Is There Other Evidence for a Third Nerve Palsy?

Patients with anisocoria and a poorly reactive pupil should be evaluated for ipsilateral third nerve palsy. Sunderland and Hughes suggested that an extraaxial lesion compressing the third nerve (e.g., unruptured intracranial aneurysm) may cause a dilated pupil in isolation or with minimal ocular motor nerve paresis. Anisocoria or a dilated pupil in the absence of an extraocular motility deficit and/or ptosis, however, is rarely due to a third nerve paresis (Sunderland, 1952). Intracranial aneurysms (e.g., posterior communicating artery-internal carotid artery junction) often produce a fixed and dilated pupil (pupil-involved third nerve palsy), but this is almost always associated with other signs of a third nerve palsy (Miller, 1985). Walsh and Hoyt reported a patient with headache and a unilateral dilated pupil who was found to have an aneurysm at the junction of the superior cerebellar artery and basilar artery (Walsh, 1969). One week later, however, the patient developed other signs of a third nerve palsy. Payne and Adamkiewicz reported a case of unilateral internal ophthalmoplegia with a posterior communicating aneurysm, but this patient also had an intermittent exotropia and variable ptosis (Payne, 1969). Crompton and Moore reported two cases of isolated pupil dilation due to aneurysm, but these patients developed severe headache and eventual signs of a third nerve palsy (Crompton, 1981). Fujiwara et al reviewed 26 patients with an oculomotor palsy due to cerebral aneurysm and reported three with only ptosis and anisocoria (Fujiwara, 1989).

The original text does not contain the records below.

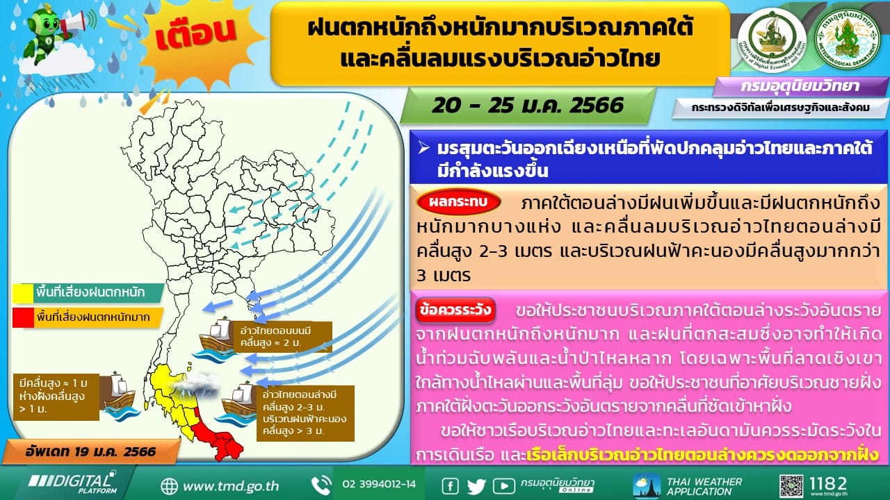 กรมป้องกันและบรรเทาสาธารณภัย (ปภ.) กระทรวงมหาดไทยในฐานะกองอำนวยการป้องกันและบรรเทาสาธารณภัยกลาง (กอปภ.ก.) ได้ติดตามสภาวะอากาศและพิจารณาปัจจัยเสี่ยง ประกอบกับกรมอุตุนิยมวิทยาได้มีประกาศฉบับที่ 1 (22/2566) ลงวันที่ 19 มกราคม 2566 เวลา 05.00 น. แจ้งว่ามรสุมตะวันออกเฉียงเหนือที่พัดปกคลุมอ่าวไทยและภาคใต้มีกำลังแรงขึ้น ทำให้บริเวณภาคใต้จะมีฝนเพิ่มขึ้นและมีฝนตกหนักถึงหนักมากบางพื้นที่ สำหรับคลื่นลมบริเวณอ่าวไทยตอนล่างจะมีกำลังแรง มีคลื่นสูง 2-3 เมตร บริเวณที่มีฝนฟ้าคะนองคลื่นสูงมากกว่า 3 เมตร โดยมีพื้นที่เฝ้าระวังสถานการณ์ ระหว่างวันที่ 20 – 25 มกราคม 2566 ดังนี้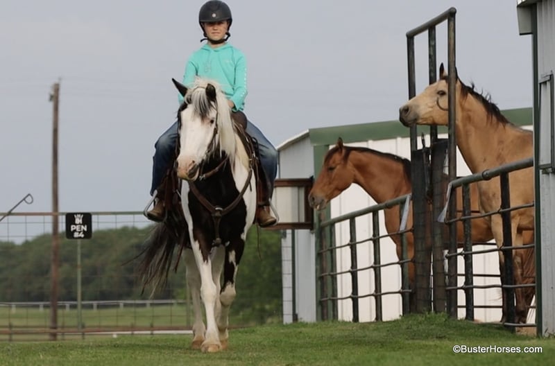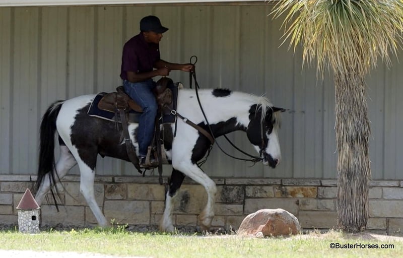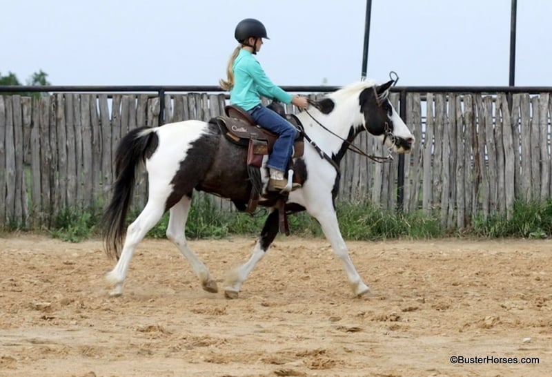 ONLINE AUCTION Place your bids at www.PlatinumEquineAuction.com Starting Bid $3500 Auction ends May 25th, 2025 Need a new saddle? Check out White Rock Saddles on our website or Facebook! If you are looking for a flashy, fun, no-nonsense, sweet, just point-and-go have a good time trail riding companion… then Tonto is your man!!! He is at the perfect age at only 7 years old, he has already been around and seen lots of things, been hauled, been on lots of rides, been in lots of parades … but he is only 7 and still has his whole lifetime in front of him! This sweet little gelding is great-natured, kind, and so extremely simple and uncomplicated to ride. He is as smooth as they come and suitable for just about any level of rider. If you are sitting on him, you feel extremely secure. He is so naturally smooth moving in all of his gaits, that you would have to practically just pick up and bail off of the side of him to be able to come off of this one!!! He is naturally low-headed and will travel on a relaxed rein and neck rein around – but, you can also pick him up and ride with a lot of contact, and he will tolerate just about anything with new rider’s bumbling around being all over on him, in his face, and in his mouth. He has an adorable personality and loves to be around people. He drops his head for the halter or the bridle to be put on, and will stand there relaxed and patient if you have to fumble around and get organized. He could care less about other horses and never knickers or calls back to the barn, super good about leaving the barn and going out alone. He hauls like a perfect gentleman. If you often ride out alone, then this is the one for you. He is great anywhere in the group and has a huge big ground covering almost running walk to him if you push him and ask for it. He is a unique cross that could ride with the regular horses and also keep up with the gaited horses! He loves the water and does not hesitate to cross the creek or go into the pond, he is sure-footed and handles up and down terrain, creek beds, banks, Rocky areas, and thick wooded trees. He pays attention and navigates where he is going. He is great to catch, bridle, saddle, groom, bathe quiet for the vet and the farrier, and just an all-around gentleman! Everybody here adores this sweet horse, he will be with his next partner for a long time! Please do not hesitate to give us a call if you have any questions about him! Ashely at Buster Horses 214-605-7174 Tonto is shod all the way around and is ready to hit any trails that you put in front of him, his feet were just reset last week. Prior to being shod, he was barefoot for quite a while, he has really great feet, and could easily go barefoot again if you were just riding around your place locally. His teeth were just done by our equine dentist last month, and he also had his sheath cleaned, his ears preemptively treated for ticks, and was dewormed at that time. He will arrive to his new owner up to date on everything and ready to go. He is in great shape and in good health. Watch his video, and to see additional videos, go to our website: BusterHorses.com or our Facebook page: Buster Horses Tonto is located in Weatherford, TX – one hour from Dallas / Fort Worth International Airport. He is an easy day trip, or fun overnight trip to come and try out, from anywhere! We are experienced, knowledgeable sellers, and we can help with quickly arranging affordable shipping to any buyer’s location – we have experience shipping worldwide – including regularly to Hawaii, Canada, Mexico, Europe, and South Africa. Check our website for buyer reviews, more videos of Tonto, additional info, etc: BusterHorses.com/Tonto-Paint-Gelding ONLINE AUCTION Place your bids at www.PlatinumEquineAuction.com Starting Bid $3500 Auction ends May 25th, 2025 Need a new saddle? Check out White Rock Saddles on our website or Facebook!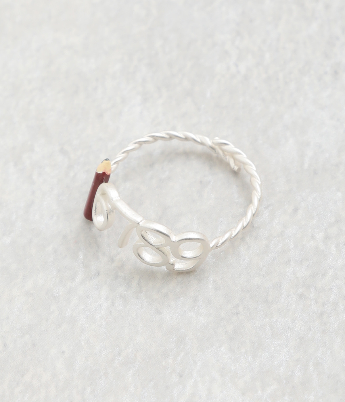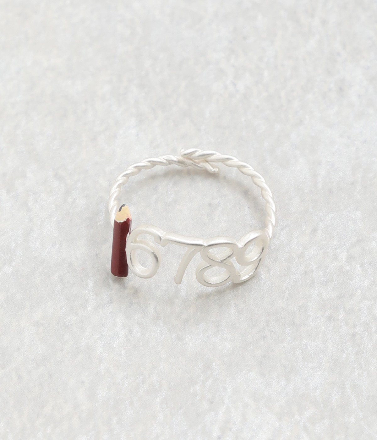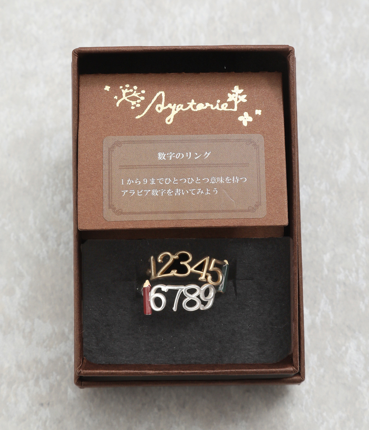 1から9までひとつひとつ意味を持つアラビア数字に、鉛筆がワンポイントになったリングです。ユニークなモチーフも控えめな輝きの真鍮に繊細なつくりで、手元になじむ仕上がりになっています。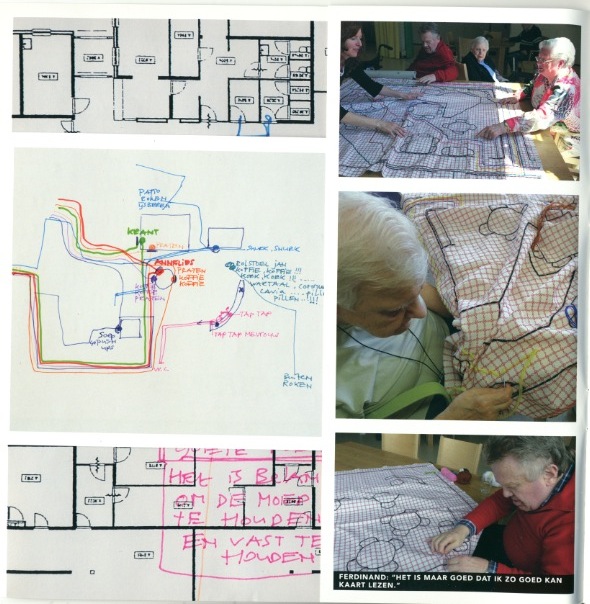 My point of departure was that in this group the combination of their age and their clinical syndrome would create a bigger need for stability than in other people, and therefore, their established patterns would be anchored more solidly. The fact that the environment of this specific group gets smaller and smaller, means that they are usually less stimulated to move around. This is why I wanted to investigate, together with these people, if and how I could make them more aware of their routes and routines. I wanted to know how I could invite them to walk different paths, and I was curious how they would then look at their environment with fresh eyes and which position they would take up in it. The process generated conversations and new experiences. It became clear how, why and who held on to which patterns.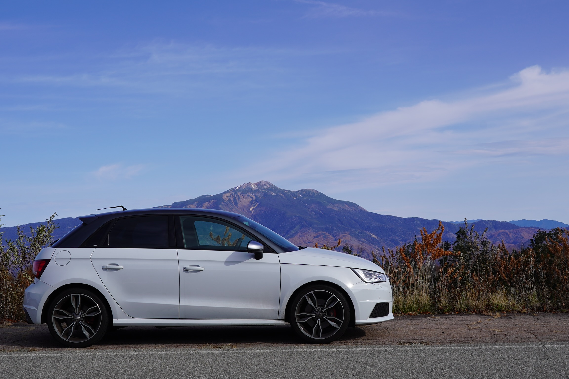 日の出前は氷点下9度ほどだった気温も、3-4度まで上昇している。皆、朝はゆっくりしたペースで、エンジンや車体、そしてタイヤを温めていく。チャオ御嶽の駐車場付近でクルマを止めて、皆で記念撮影したり、クルマを交換して乗ったりして思い思いに楽しんだ。

A careful history is usually all that is required for patients with inadvertent or intentional (e.g., glaucoma medication, treatment with topical cycloplegics for uveitis) exposure to agents that may affect pupil size (e.g., mydriatics or miotics). Table 20–2 lists some medications and environmental agents that may result in mydriasis or miosis. Pharmacologically induced pupil abnormalities may produce a large pupil due to increased sympathetic tone with dilator stimulation (e.g., ocular decongestants, adrenergic inhalants in the intensive care unit, etc.) or decreased parasympathetic tone with sphincter block (e.g., belladonna alkaloids, scopolamine patch, anticholinergic inhalents, topical gentamicin, lidocaine injection in orbit, etc.). Small pupils might indicate decreased sympathetic tone or increased parasympathetic stimulation (e.g., pilocarpine glaucoma drops, anticholinesterases such as flea collar or insecticides, etc.).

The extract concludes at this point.